START LISTED RECORDS

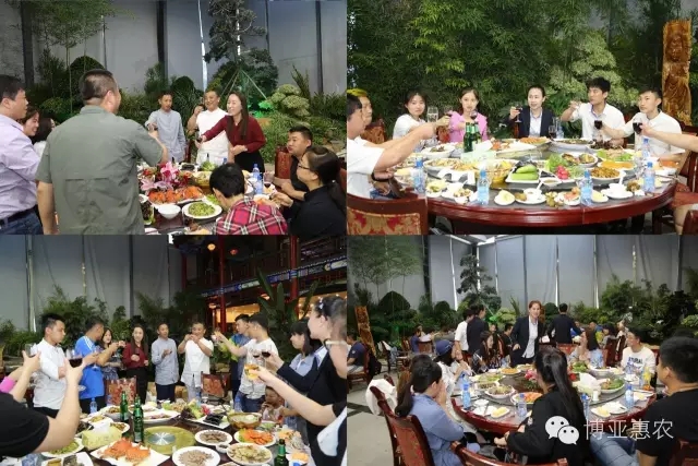 傍晚時分,兄弟公司聚餐聯誼會在一片歡聲笑語中拉開帷幕。公司生態宴會大廳內綠意盎然,流光溢彩,一桌桌豐盛的綠色菜肴散發著博亞惠農人的熱情與豪爽。
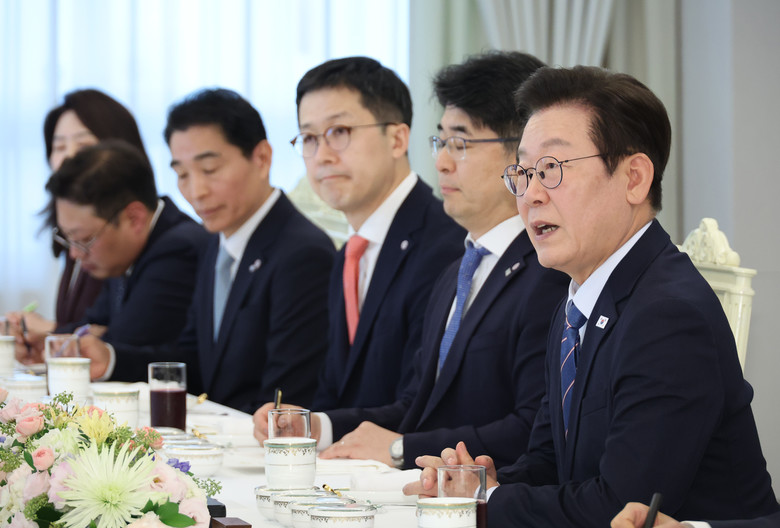 이재명 대통령이 18일 용산 대통령실에서 증권사 리서치센터장들과 오찬 간담회 중 발언하고 있다. 2025.9.18
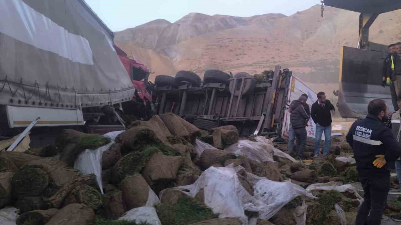 Kaza, Erzincan-Sivas kara yolu Kırkgöz Deresi mevkiinde meydana geldi. Alınan bilgiye göre, kontrolden çıkan çim yüklü tır ile seyir halindeki diğer bir tır çarpışarak yoldan çıktı. Kazada tır sürücüleri yaralandı.
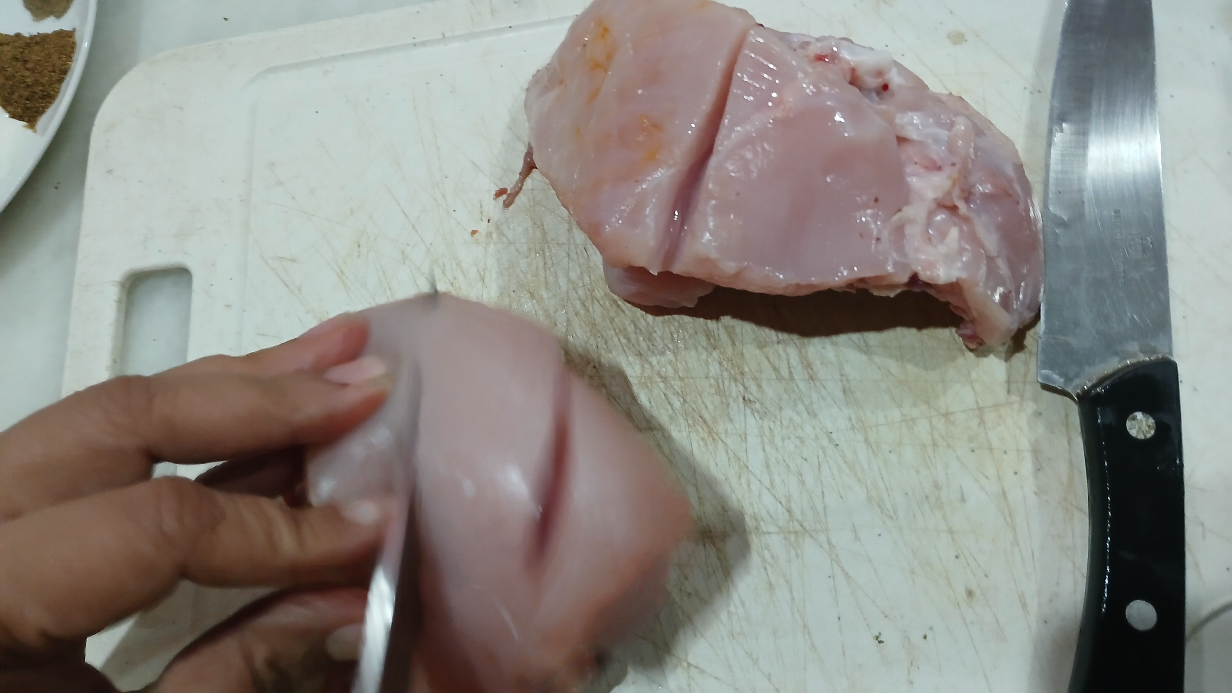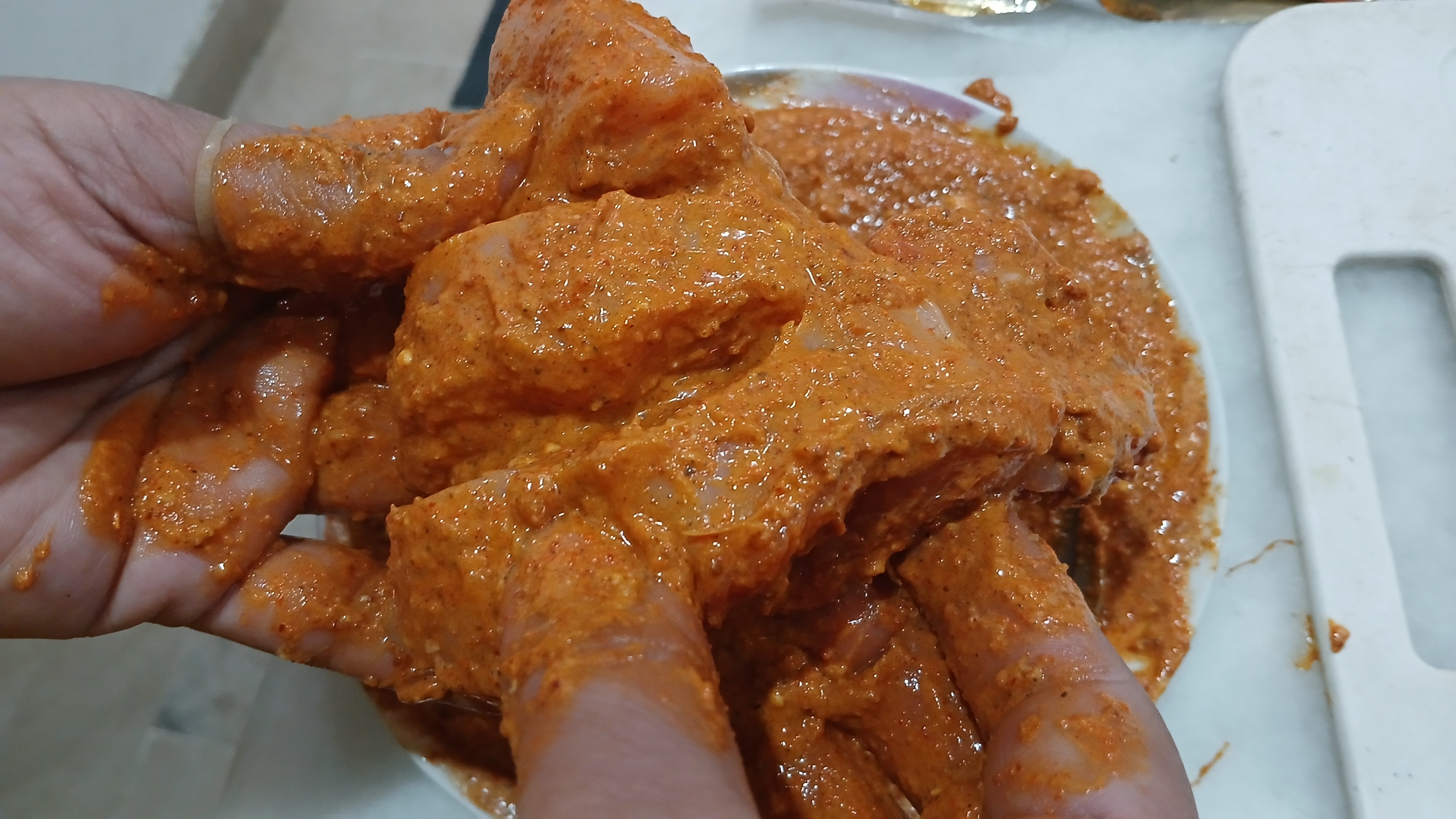 -Wash chicken properly and remove its excess water. Add marks/cuts on chicken tikka pieces.
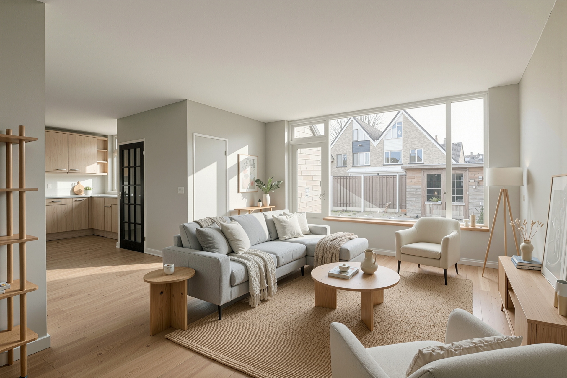 De indeling van dit huis is net even anders dan standaard, wat zorgt voor een prettige dynamiek in de leefruimtes. Aan de rechterzijde bevindt zich de fijne woonkeuken. De woonkamer ligt aan de voorzijde en is heerlijk licht dankzij de grote raampartijen. De ruimtes zijn van elkaar gescheiden, waardoor je duidelijke zones hebt voor koken, eten en ontspannen. De keuken zelf is toe aan vervanging, maar deze ruimte van 14m2 bied volop mogelijkheden. Bekijk ook de bijgevoegde artist impression beelden.
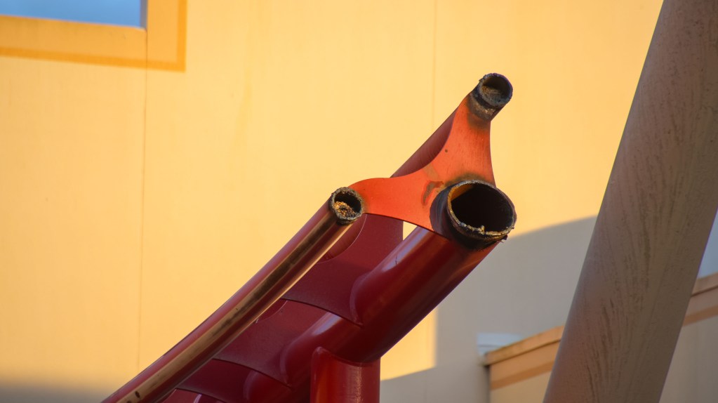 - Image #4, #5: Trim brake cabling severed in the demolition of the big drop of HRRR.
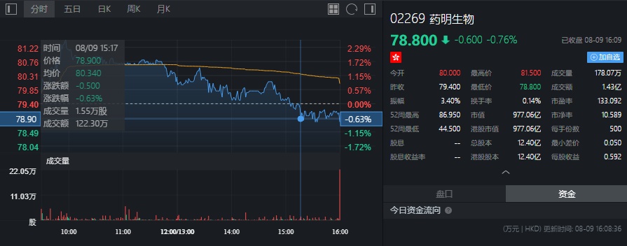 截至今日收盘,药明生物跌0.76%,报78.8港元。
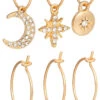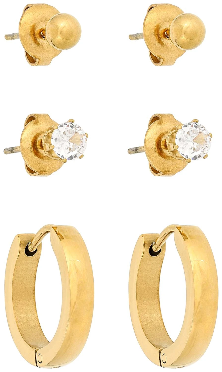 Das Ohr-Set – Golden Favourite schimmert goldfarben und besteht aus drei Paar Ohrringen in unterschiedlichen Designs. Das Set enthĂ€lt zwei Paar Ohrstecker und ein Paar Creolen. Das Set besteht aus Edelstahl und ist teilweise mit Strasssteinen verziert.
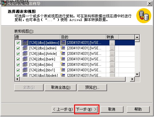 17、選擇您想要導(dǎo)入的表、視圖等數(shù)據(jù)內(nèi)容,如下圖所示:
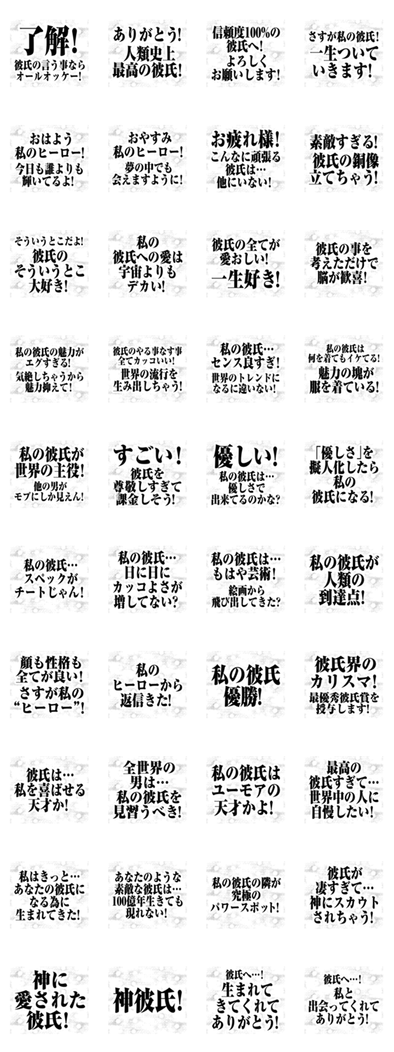 このスタンプに出会ってくれたあなたが大好きだ! 彼女から彼氏へ、あなたのありったけの想いを伝えよう! 毎日使える/笑える/面白い/ネタ/日常/褒める/カップル/恋愛

END LISTED RECORDS

● TASK OBJECTIVE: With the pictures left out, give again exactly the lines from the one with "-Wash chicken properly" through the end of the data, both included.

● EXERCISE RESPONSE:
 -Wash chicken properly and remove its excess water. Add marks/cuts on chicken tikka pieces.
 De indeling van dit huis is net even anders dan standaard, wat zorgt voor een prettige dynamiek in de leefruimtes. Aan de rechterzijde bevindt zich de fijne woonkeuken. De woonkamer ligt aan de voorzijde en is heerlijk licht dankzij de grote raampartijen. De ruimtes zijn van elkaar gescheiden, waardoor je duidelijke zones hebt voor koken, eten en ontspannen. De keuken zelf is toe aan vervanging, maar deze ruimte van 14m2 bied volop mogelijkheden. Bekijk ook de bijgevoegde artist impression beelden.
 - Image #4, #5: Trim brake cabling severed in the demolition of the big drop of HRRR.
 截至今日收盘,药明生物跌0.76%,报78.8港元。
 Das Ohr-Set – Golden Favourite schimmert goldfarben und besteht aus drei Paar Ohrringen in unterschiedlichen Designs. Das Set enthĂ€lt zwei Paar Ohrstecker und ein Paar Creolen. Das Set besteht aus Edelstahl und ist teilweise mit Strasssteinen verziert.
 17、選擇您想要導(dǎo)入的表、視圖等數(shù)據(jù)內(nèi)容,如下圖所示:
 このスタンプに出会ってくれたあなたが大好きだ! 彼女から彼氏へ、あなたのありったけの想いを伝えよう! 毎日使える/笑える/面白い/ネタ/日常/褒める/カップル/恋愛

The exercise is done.